Histoire du Brabant-du-Nord
(de l'Austrasie, de la Toxandrie)

Au I er siècle, des tribus installées sur la rive droite du Rhin inférieur opéraient des raids maritimes et terrestres dans l'Empire romain . Ces tribus ne formaient pas encore un peuple, avec ses caractères ethniques, son histoire et ses coutumes.  

Au III e  siècle, certaines de ces peuplades s'unirent contre les Romains pour former une ligue de guerriers que l'on appela les «Franci». Leurs expéditions dévastatrices en Gaule (en 258 et 276) provoquèrent une crise très profonde, que les Romains surmontèrent difficilement.  

Cependant, à la fin du III e siècle, les tribus franques, vaincues par l'empereur Maximien , furent installées par les Romains sur la rive gauche du Rhin et soumises au paiement d'un tribut, tandis que les autres groupes continuaient à vivre indépendants au-delà du limes, la frontière fortifiée qui défendait l'Empire.

A la conquête d'un royaume (IVe-VIe siècle)
Au IV e  siècle, l'Empire romain, partagé et affaibli, se trouva menacé par les Barbares , et l'armée avait de plus en plus recours à ceux de ces peuples déjà installés sur le territoire. Certains Francs accédèrent ainsi aux postes les plus élevés de la hiérarchie militaire romaine.   Les Francs Saliens en Toxandrie (installés à l'ouest dans ce qui est aujourd'hui la région de l'Overijssel,aux Pays-Bas) envahirent la Germanie seconde du côté d'Utrecht , et les Francs rhénans, à l'est, devinrent des peuples fédérés, c'est-à-dire entretenus en échange d'un service militaire accompli sous la conduite de leurs roitelets tribaux.  

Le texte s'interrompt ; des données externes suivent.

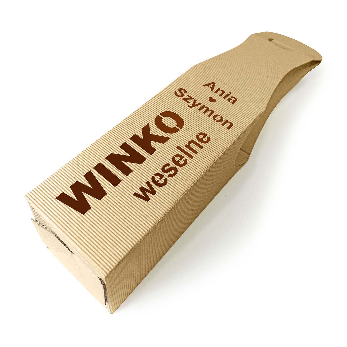 Ekologiczne opakowanie na alkohol weselny wykonane z ozdobnej tektury falistej z wyciętym laserowo napisem oraz imionami Młodej Pary

Les Francs, fédérés de Rome
Lors de la grande invasion des Vandales en 406-407, les Francs défendirent, auxcôtés des armées romaines, le limes rhénan contre les vagues de Germains poussés vers l'ouest par l'avancée des Huns. Ils contribuèrent notablement à la défaite d'Attila à la bataille des champs Catalauniques, en 451.   En même temps, ils opérèrent une lente descente vers le sud, occupant la Belgique actuelle, le nord de la France ainsi que des villes romaines, comme Tournai ou Cambrai à l'ouest, Cologne ou Trèves à l'est.  

La tombe du roi des Francs Saliens, Childéric, découverte à Tournai en 1653, ainsi que les fouilles récentes menées dans cette ville témoignent du caractère composite de la civilisation franque au V e  siècle. Le roi a été inhumé comme un prince barbare, avec ses armes et de magnifiques pièces d'orfèvrerie cloisonnée d'origine orientale. On a pratiqué le sacrifice rituel de plusieurs chevaux, enterrés à proximité de la tombe royale. Dans cette dernière, l'influence romaine se manifeste par le dépôt de nombreuses pièces d'or romaines, qui constituaient probablement la solde des guerriers francs. Un anneau sigillaire représente le roi avec ses longs cheveux, insigne de la royauté chez les Mérovingiens, et revêtu du paludamentum, le manteau des généraux romains.  

Clovis et la conquête franque
Lorsqu'en 481 Clovis succéda à son père Childéric, il n'y avait plus d'empereur romain en Occident, et la Gaule était presque entièrement aux mains des Barbares. Burgondes et Wisigoths avaient fondé dans la vallée du Rhône et dans la Gaule méridionale deux puissants royaumes qui semblaient prêts à étendre leur hégémonie sur l'ensemble du pays. Au nord de la Somme, les Francs Saliens restaient divisés, et les Francs rhénans étaient menacés à l'est par les Alamans.  

Pendant son long règne,Clovisétendit sa domination sur une grande partie de la Gaule, battant le Romain Syagrius, l'emportant sur les Wisigoths et les Alamans. A la fin de sa vie, après avoir éliminé ses anciens alliés, il rassembla tous les Francs sous son autorité. Les guerriers francs, réputés pour leur bravoure et la qualité de leur armement, furent servis par l'intelligence retorse de leur roi. Clovis, roi païen, comprit quel parti il pouvait tirer de l'appui des Gallo-Romains catholiques face aux Burgondes et aux Wisigoths ariens, c'est-à-dire adeptes d'une forme schismatique de christianisme. Il se convertit donc au catholicisme, et ses conquêtes furent facilitées par les évêques. A sa mort, le royaume franc s'étendait des Pyrénées à la Weser, de la Bretagne à la Bourgogne, non comprises.